* [ASSIGNMENT]
The task for the listing below is to write out exactly the lines starting at the one containing "器具の殺菌消毒方法は熱湯、アルコール、次亜塩素酸ナトリウムが主流であった。" and ending at the one containing "Note - At the", both included. Pictures are to be omitted.

* [RECORDS SHOWN]
◆ ◆ ◆ ◆ ◆

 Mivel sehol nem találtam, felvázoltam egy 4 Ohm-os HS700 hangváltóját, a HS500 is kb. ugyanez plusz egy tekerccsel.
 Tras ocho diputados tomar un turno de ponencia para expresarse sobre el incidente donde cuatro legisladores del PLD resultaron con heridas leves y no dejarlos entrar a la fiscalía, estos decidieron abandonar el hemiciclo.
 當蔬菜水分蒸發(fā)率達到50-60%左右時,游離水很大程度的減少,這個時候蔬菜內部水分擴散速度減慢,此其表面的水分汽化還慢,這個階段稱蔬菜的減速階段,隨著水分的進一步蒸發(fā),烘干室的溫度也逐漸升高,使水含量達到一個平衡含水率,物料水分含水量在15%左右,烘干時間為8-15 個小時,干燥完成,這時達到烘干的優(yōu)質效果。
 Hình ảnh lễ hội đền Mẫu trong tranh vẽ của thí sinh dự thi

◆ ◆ ◆ ◆ ◆

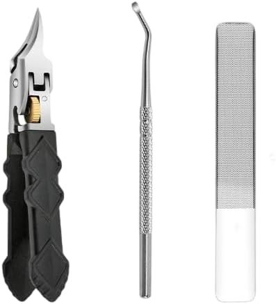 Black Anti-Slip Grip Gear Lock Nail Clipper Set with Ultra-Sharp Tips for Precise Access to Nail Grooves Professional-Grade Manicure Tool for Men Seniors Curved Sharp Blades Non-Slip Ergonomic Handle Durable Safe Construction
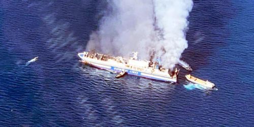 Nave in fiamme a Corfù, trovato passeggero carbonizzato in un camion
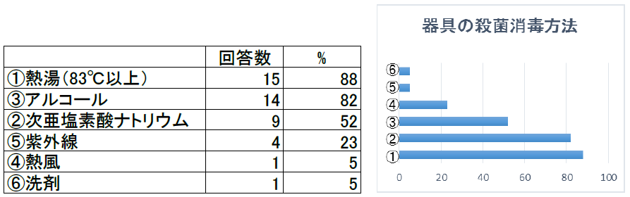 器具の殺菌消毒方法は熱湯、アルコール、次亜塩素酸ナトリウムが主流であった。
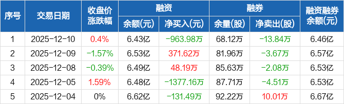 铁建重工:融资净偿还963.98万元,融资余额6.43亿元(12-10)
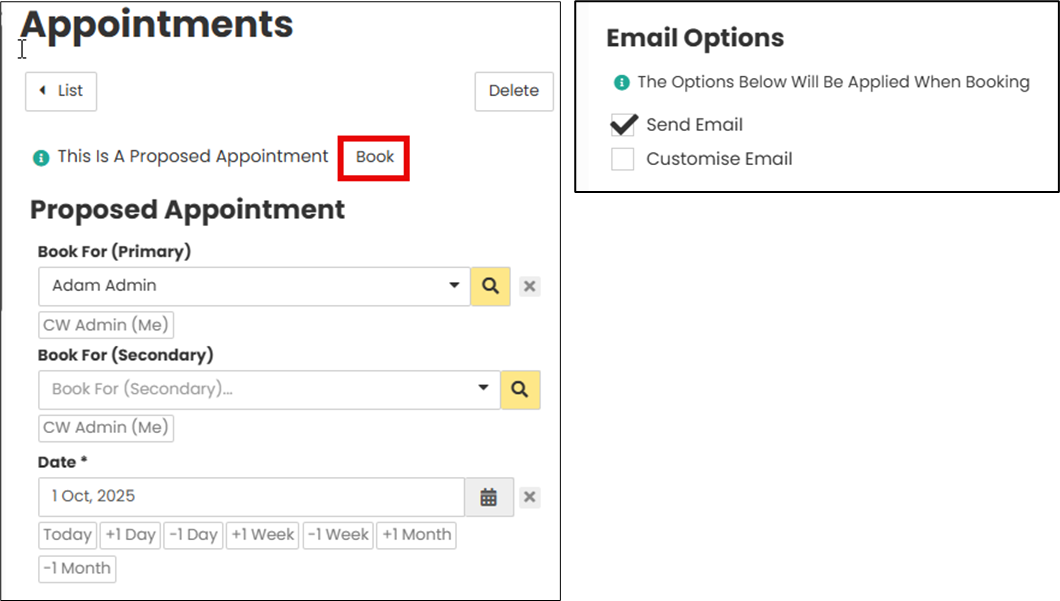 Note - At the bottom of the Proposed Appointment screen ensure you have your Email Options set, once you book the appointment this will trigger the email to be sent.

◆ ◆ ◆ ◆ ◆

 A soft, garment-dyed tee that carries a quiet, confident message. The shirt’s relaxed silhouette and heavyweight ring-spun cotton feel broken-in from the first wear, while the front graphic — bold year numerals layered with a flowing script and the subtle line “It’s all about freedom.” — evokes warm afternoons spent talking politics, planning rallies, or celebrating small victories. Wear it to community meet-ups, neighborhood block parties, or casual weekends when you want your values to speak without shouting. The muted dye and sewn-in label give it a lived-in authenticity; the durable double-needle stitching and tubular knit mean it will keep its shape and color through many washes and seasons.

◆ ◆ ◆ ◆ ◆

* [ANSWER FOR THIS EXERCISE]
 器具の殺菌消毒方法は熱湯、アルコール、次亜塩素酸ナトリウムが主流であった。
 铁建重工:融资净偿还963.98万元,融资余额6.43亿元(12-10)
 Note - At the bottom of the Proposed Appointment screen ensure you have your Email Options set, once you book the appointment this will trigger the email to be sent.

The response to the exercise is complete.